## What this task involves
Take the listing from its first line through the line that contains "(2) RockvilIe RWB70B" and please retype those lines exactly, leaving out the pictures.

Recorded information Start Marker

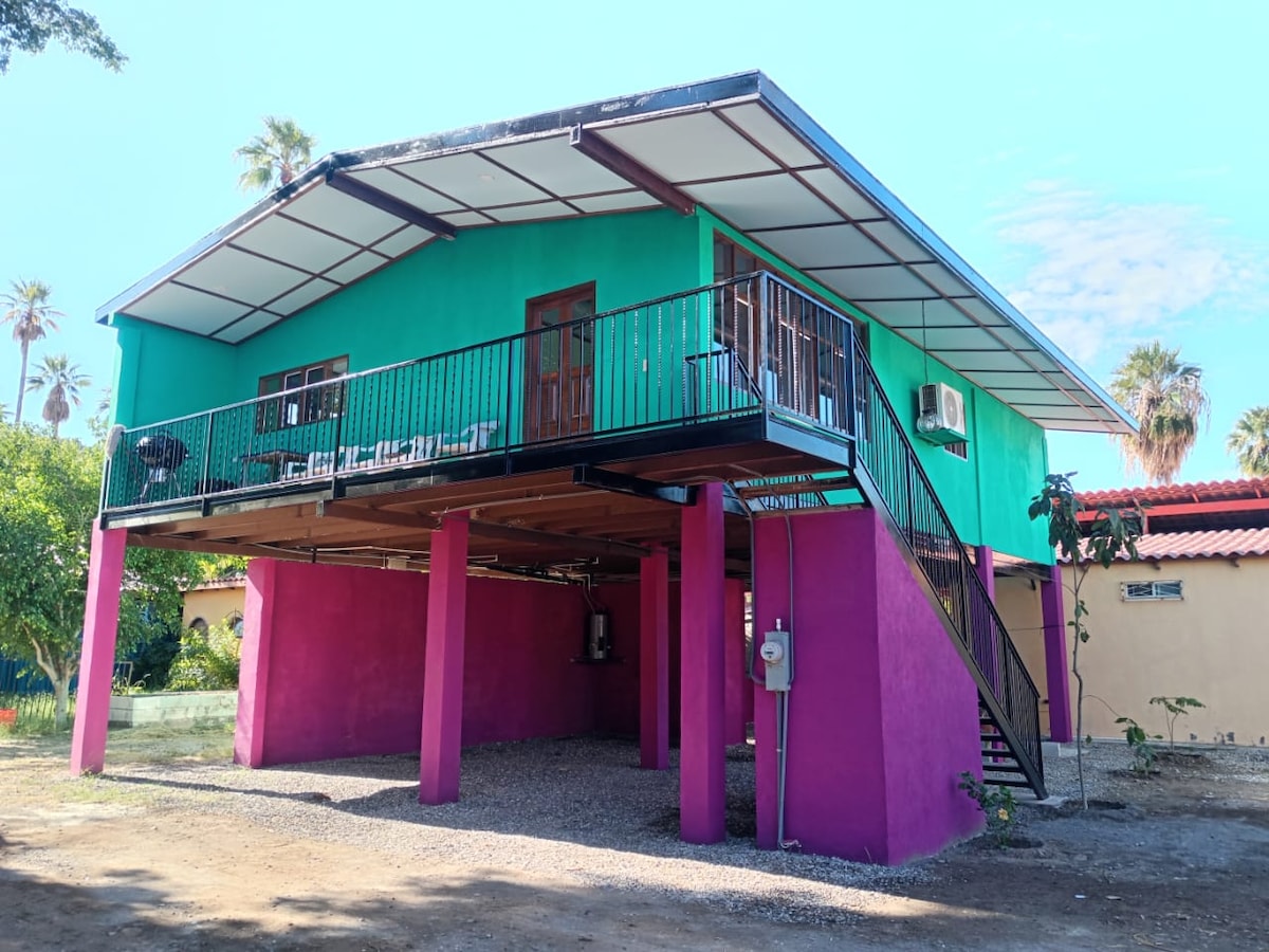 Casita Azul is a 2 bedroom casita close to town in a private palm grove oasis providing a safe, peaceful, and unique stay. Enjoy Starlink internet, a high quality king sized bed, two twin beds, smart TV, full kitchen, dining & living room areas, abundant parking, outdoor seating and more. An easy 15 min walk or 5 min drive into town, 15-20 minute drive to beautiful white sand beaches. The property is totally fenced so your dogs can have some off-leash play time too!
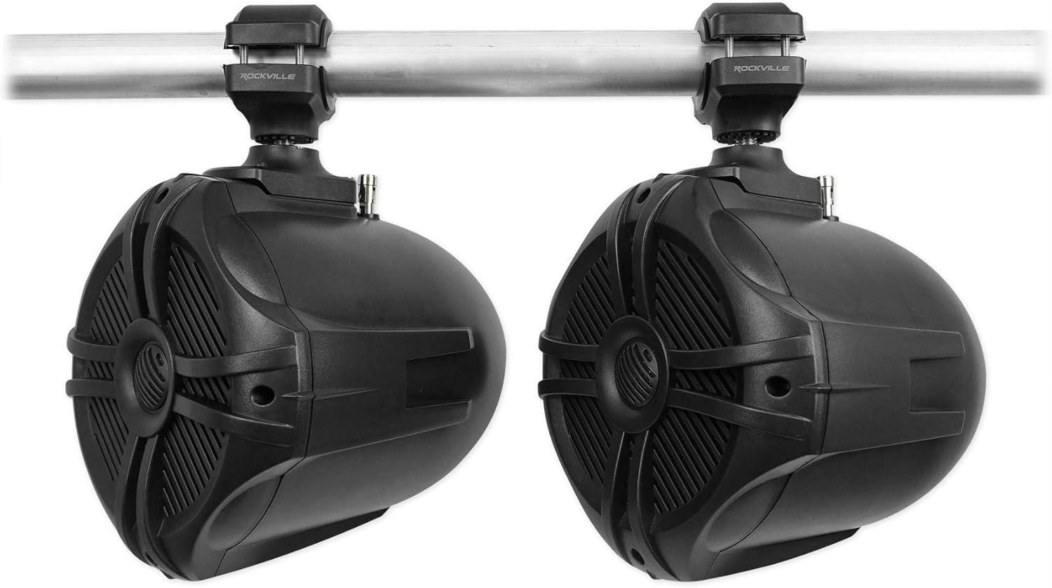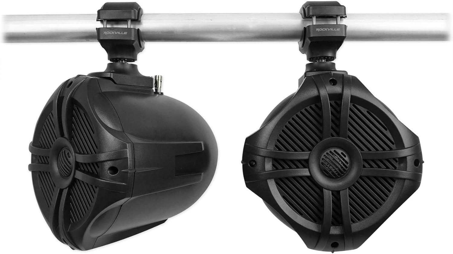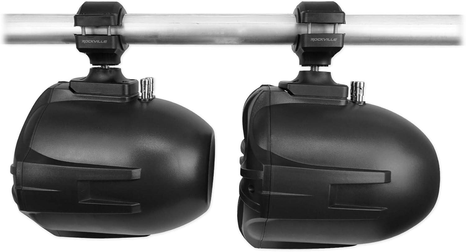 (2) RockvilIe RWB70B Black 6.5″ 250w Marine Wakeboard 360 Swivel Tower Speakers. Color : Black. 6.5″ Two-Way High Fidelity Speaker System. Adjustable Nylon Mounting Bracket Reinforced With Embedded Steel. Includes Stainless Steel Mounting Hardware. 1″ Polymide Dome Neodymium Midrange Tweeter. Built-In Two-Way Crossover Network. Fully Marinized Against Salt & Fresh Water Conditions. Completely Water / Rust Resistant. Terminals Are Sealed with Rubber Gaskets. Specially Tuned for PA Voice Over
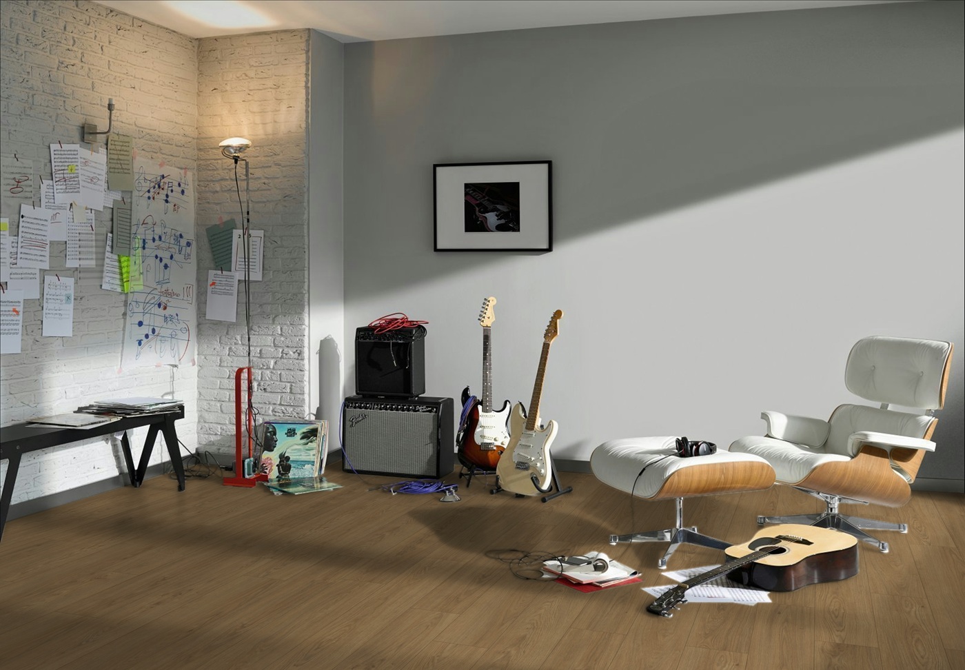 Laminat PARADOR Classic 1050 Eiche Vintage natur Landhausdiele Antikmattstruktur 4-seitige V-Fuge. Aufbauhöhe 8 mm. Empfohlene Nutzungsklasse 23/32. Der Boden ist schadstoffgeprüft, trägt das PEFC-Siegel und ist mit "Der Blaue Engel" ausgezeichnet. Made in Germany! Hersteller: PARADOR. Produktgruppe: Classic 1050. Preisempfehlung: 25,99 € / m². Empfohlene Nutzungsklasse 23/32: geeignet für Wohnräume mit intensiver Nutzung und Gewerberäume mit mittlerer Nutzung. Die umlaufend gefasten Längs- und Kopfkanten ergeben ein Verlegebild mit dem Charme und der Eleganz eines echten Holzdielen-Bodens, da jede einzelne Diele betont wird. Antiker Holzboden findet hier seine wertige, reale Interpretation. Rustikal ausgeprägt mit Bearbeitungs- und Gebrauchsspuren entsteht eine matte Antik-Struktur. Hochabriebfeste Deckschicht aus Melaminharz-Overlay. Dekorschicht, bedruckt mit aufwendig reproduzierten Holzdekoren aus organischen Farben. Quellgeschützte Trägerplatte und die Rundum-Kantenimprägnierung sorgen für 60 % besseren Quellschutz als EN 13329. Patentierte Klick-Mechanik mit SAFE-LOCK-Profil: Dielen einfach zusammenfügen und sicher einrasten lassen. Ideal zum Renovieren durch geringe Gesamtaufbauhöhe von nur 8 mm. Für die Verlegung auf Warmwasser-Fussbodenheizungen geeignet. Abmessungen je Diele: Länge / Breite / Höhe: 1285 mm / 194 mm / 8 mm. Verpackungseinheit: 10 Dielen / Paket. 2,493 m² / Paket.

Recorded information End Marker

## Result
 Casita Azul is a 2 bedroom casita close to town in a private palm grove oasis providing a safe, peaceful, and unique stay. Enjoy Starlink internet, a high quality king sized bed, two twin beds, smart TV, full kitchen, dining & living room areas, abundant parking, outdoor seating and more. An easy 15 min walk or 5 min drive into town, 15-20 minute drive to beautiful white sand beaches. The property is totally fenced so your dogs can have some off-leash play time too!
 (2) RockvilIe RWB70B Black 6.5″ 250w Marine Wakeboard 360 Swivel Tower Speakers. Color : Black. 6.5″ Two-Way High Fidelity Speaker System. Adjustable Nylon Mounting Bracket Reinforced With Embedded Steel. Includes Stainless Steel Mounting Hardware. 1″ Polymide Dome Neodymium Midrange Tweeter. Built-In Two-Way Crossover Network. Fully Marinized Against Salt & Fresh Water Conditions. Completely Water / Rust Resistant. Terminals Are Sealed with Rubber Gaskets. Specially Tuned for PA Voice Over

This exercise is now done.